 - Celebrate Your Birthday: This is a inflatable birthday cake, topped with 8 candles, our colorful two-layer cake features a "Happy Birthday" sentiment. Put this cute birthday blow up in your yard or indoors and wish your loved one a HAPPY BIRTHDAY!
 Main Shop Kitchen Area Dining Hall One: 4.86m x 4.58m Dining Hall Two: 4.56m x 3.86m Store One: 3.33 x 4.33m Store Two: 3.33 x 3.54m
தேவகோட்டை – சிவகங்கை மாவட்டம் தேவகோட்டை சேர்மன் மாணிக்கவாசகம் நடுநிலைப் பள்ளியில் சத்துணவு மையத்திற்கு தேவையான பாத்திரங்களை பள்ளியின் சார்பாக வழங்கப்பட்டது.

---

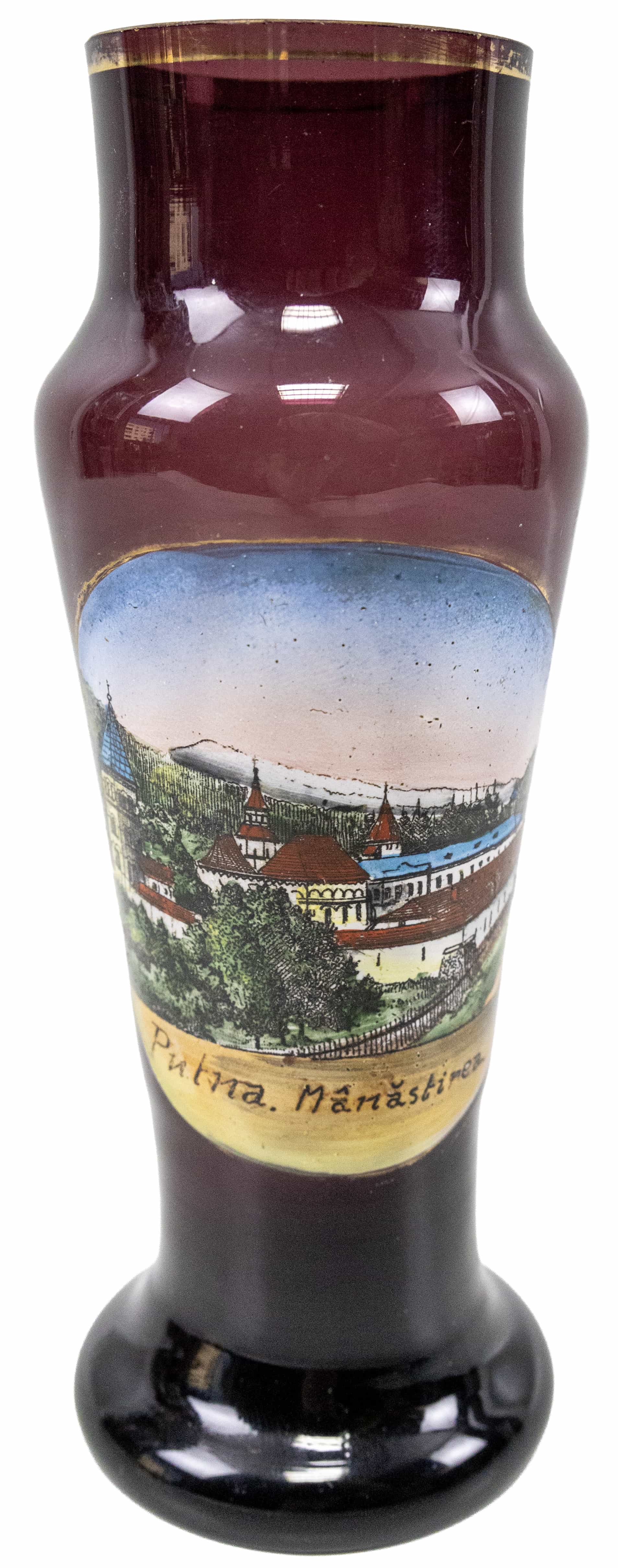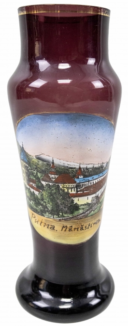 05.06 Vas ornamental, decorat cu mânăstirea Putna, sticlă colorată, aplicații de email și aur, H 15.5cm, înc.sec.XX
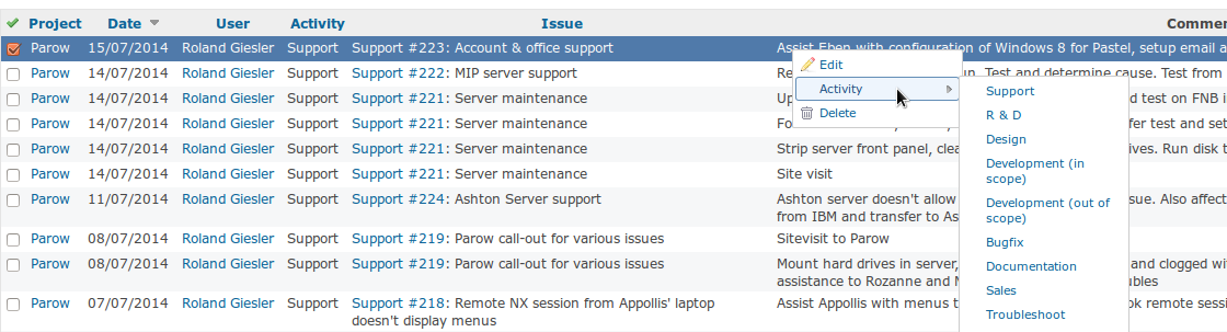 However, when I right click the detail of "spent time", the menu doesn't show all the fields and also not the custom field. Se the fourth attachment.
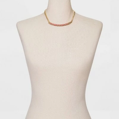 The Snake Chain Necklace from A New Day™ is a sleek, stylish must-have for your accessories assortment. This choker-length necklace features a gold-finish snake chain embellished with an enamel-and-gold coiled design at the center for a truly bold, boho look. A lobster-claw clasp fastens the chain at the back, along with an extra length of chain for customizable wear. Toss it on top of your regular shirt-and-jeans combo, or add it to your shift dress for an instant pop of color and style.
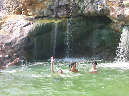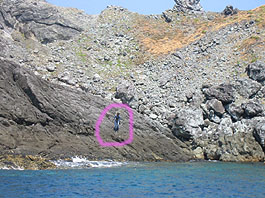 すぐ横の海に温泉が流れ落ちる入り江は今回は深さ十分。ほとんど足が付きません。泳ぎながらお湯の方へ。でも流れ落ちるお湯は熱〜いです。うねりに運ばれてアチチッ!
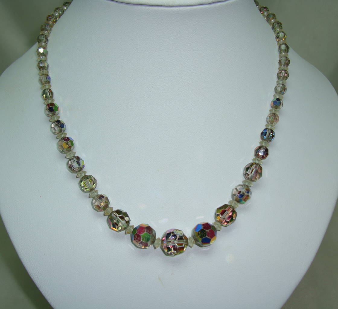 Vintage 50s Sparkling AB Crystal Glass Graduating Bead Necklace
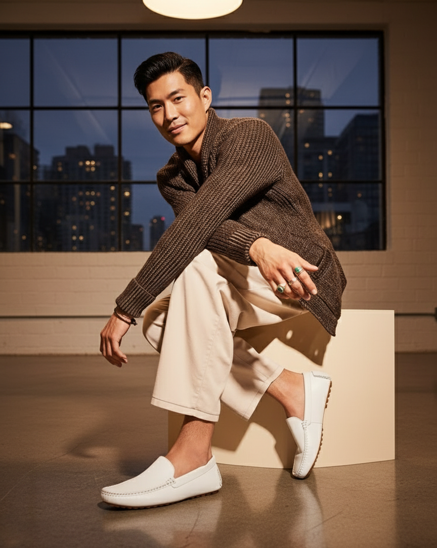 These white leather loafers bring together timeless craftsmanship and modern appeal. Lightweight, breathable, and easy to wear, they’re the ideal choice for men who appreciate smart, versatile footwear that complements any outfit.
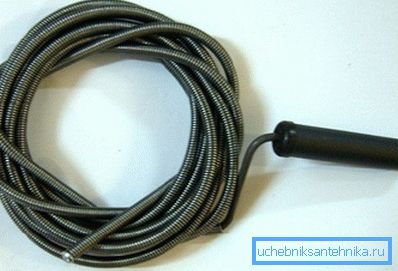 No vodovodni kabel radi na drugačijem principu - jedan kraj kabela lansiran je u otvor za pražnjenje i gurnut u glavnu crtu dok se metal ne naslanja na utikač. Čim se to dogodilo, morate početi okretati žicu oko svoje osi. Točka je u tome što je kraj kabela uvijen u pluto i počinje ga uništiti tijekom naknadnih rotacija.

*EXERCISE INSTRUCTIONS*. With the pictures left out, write out exactly the lines above from the one containing "Vintage 50s Sparkling" through the one containing "These white leather".

*ANSWER TO THE PROBLEM*.
 Vintage 50s Sparkling AB Crystal Glass Graduating Bead Necklace
 These white leather loafers bring together timeless craftsmanship and modern appeal. Lightweight, breathable, and easy to wear, they’re the ideal choice for men who appreciate smart, versatile footwear that complements any outfit.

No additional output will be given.